* Dataset entries
○ ○ ○ ○ ○ ○ ○

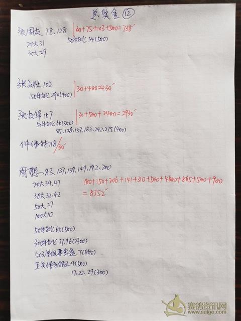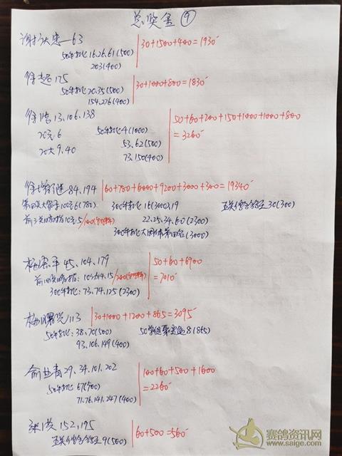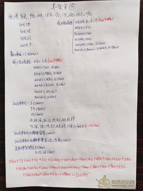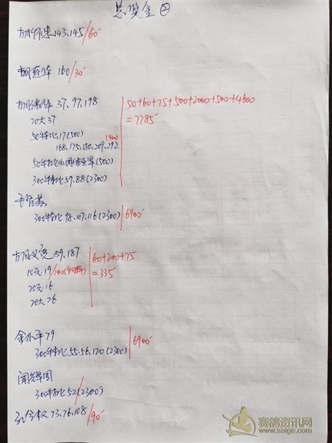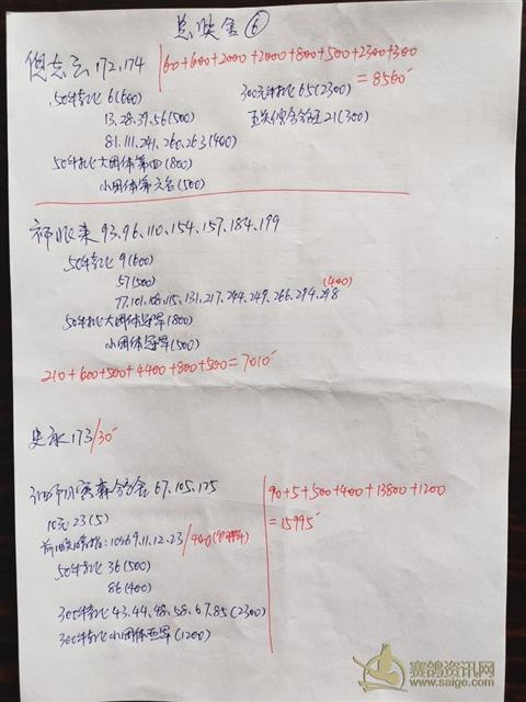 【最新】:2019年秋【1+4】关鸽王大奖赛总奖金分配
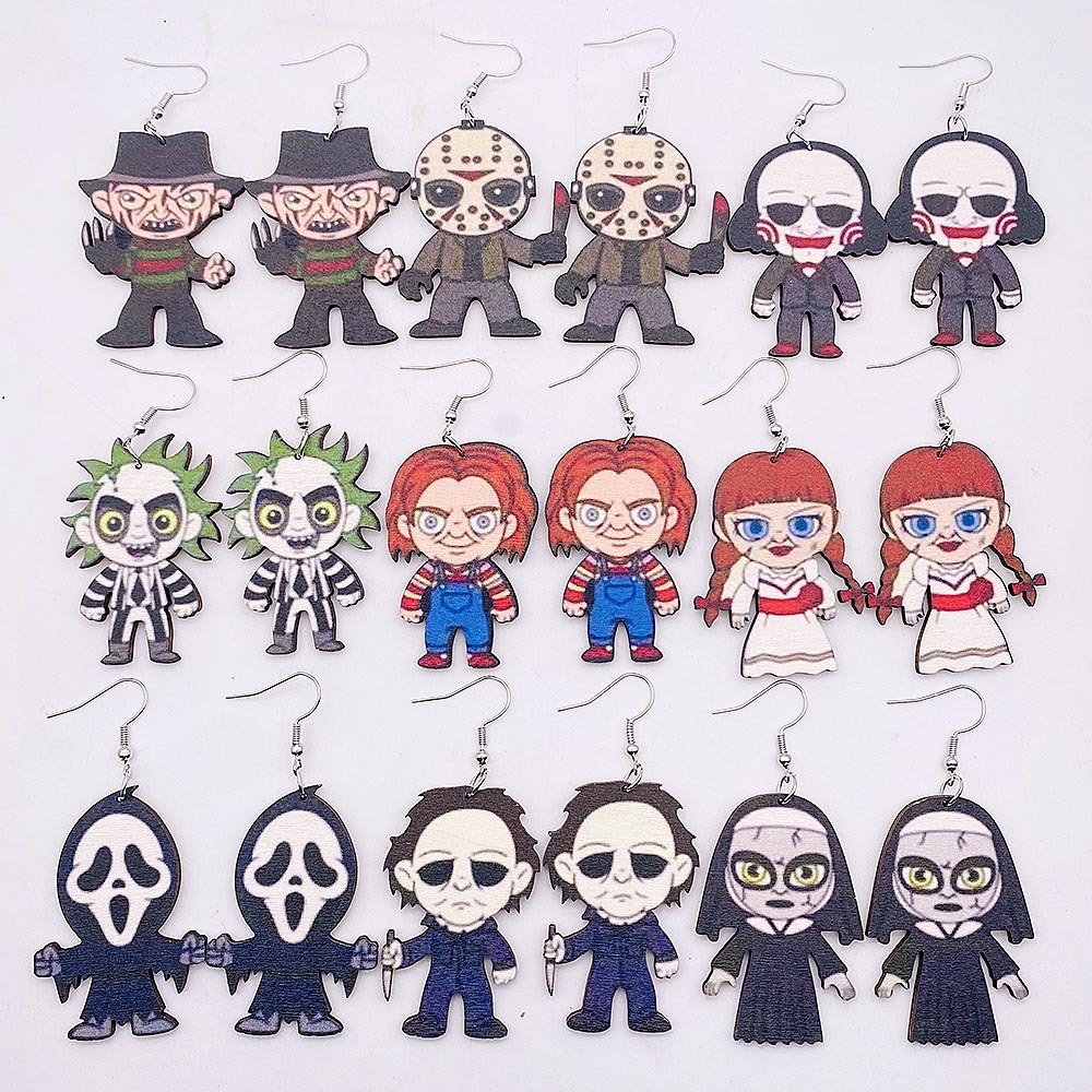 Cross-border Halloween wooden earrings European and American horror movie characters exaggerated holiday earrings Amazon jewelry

○ ○ ○ ○ ○ ○ ○

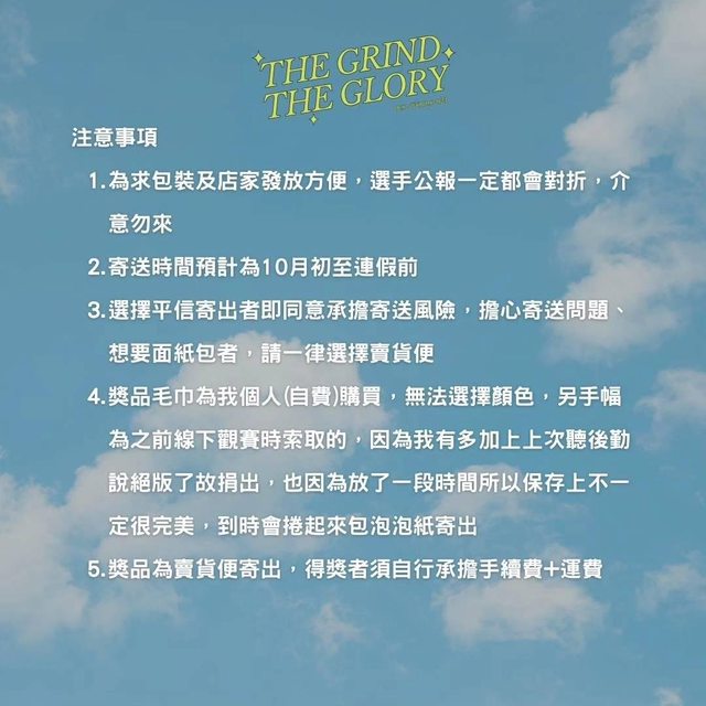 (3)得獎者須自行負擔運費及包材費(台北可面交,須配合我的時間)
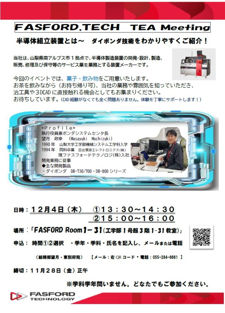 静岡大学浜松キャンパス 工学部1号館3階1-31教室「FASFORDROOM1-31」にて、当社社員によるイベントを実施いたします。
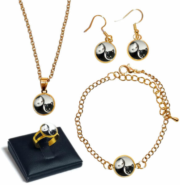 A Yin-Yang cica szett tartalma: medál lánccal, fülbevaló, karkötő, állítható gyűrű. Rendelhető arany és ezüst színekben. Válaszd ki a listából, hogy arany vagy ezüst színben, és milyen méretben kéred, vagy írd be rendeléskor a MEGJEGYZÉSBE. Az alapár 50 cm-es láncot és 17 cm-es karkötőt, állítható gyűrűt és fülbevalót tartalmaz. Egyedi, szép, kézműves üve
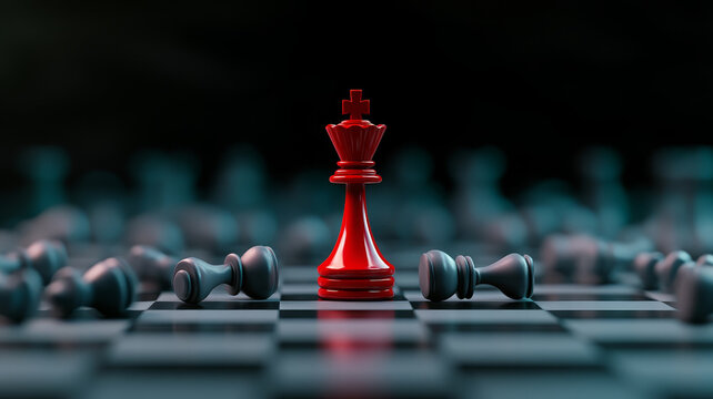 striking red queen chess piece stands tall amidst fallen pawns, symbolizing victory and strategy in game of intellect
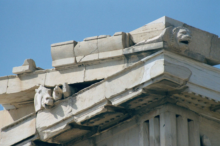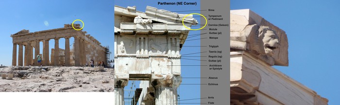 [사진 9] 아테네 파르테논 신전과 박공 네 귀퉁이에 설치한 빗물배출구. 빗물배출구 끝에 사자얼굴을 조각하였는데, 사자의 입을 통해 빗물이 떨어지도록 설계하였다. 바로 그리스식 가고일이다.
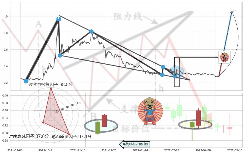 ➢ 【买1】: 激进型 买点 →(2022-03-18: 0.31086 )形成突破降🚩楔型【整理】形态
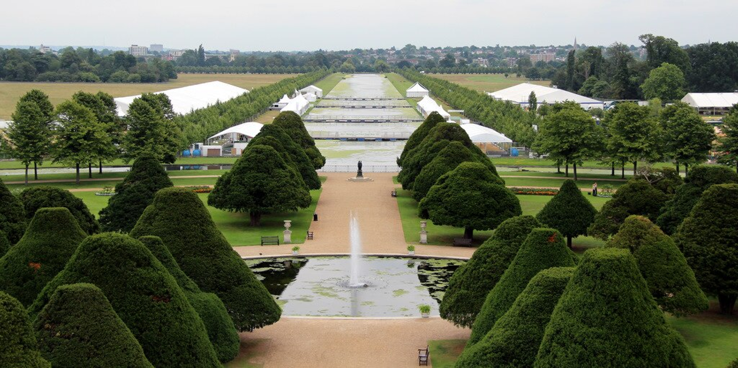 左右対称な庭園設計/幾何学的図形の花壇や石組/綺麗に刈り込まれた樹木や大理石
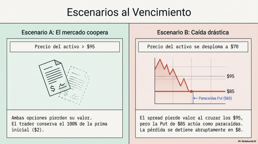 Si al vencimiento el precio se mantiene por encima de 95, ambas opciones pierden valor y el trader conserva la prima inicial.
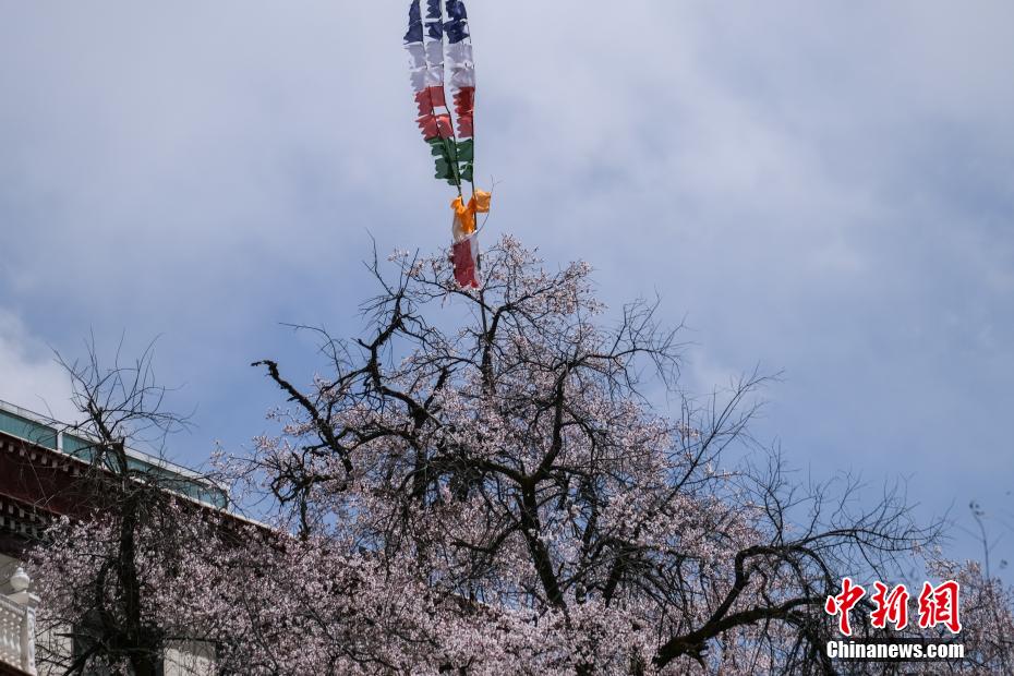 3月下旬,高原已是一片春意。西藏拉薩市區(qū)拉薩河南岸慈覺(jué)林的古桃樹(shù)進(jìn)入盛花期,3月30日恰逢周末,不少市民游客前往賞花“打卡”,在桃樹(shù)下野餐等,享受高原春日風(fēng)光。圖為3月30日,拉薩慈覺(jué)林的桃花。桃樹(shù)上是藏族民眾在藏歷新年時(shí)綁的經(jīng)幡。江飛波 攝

○ ○ ○ ○ ○ ○ ○

* Aim of the exercise
Having found the line with "striking red queen" and the line with "Si al vencimiento" in the material above, write out exactly those two and every line between, leaving the pictures out.

* Exercise solution
 striking red queen chess piece stands tall amidst fallen pawns, symbolizing victory and strategy in game of intellect
 [사진 9] 아테네 파르테논 신전과 박공 네 귀퉁이에 설치한 빗물배출구. 빗물배출구 끝에 사자얼굴을 조각하였는데, 사자의 입을 통해 빗물이 떨어지도록 설계하였다. 바로 그리스식 가고일이다.
 ➢ 【买1】: 激进型 买点 →(2022-03-18: 0.31086 )形成突破降🚩楔型【整理】形态
 左右対称な庭園設計/幾何学的図形の花壇や石組/綺麗に刈り込まれた樹木や大理石
 Si al vencimiento el precio se mantiene por encima de 95, ambas opciones pierden valor y el trader conserva la prima inicial.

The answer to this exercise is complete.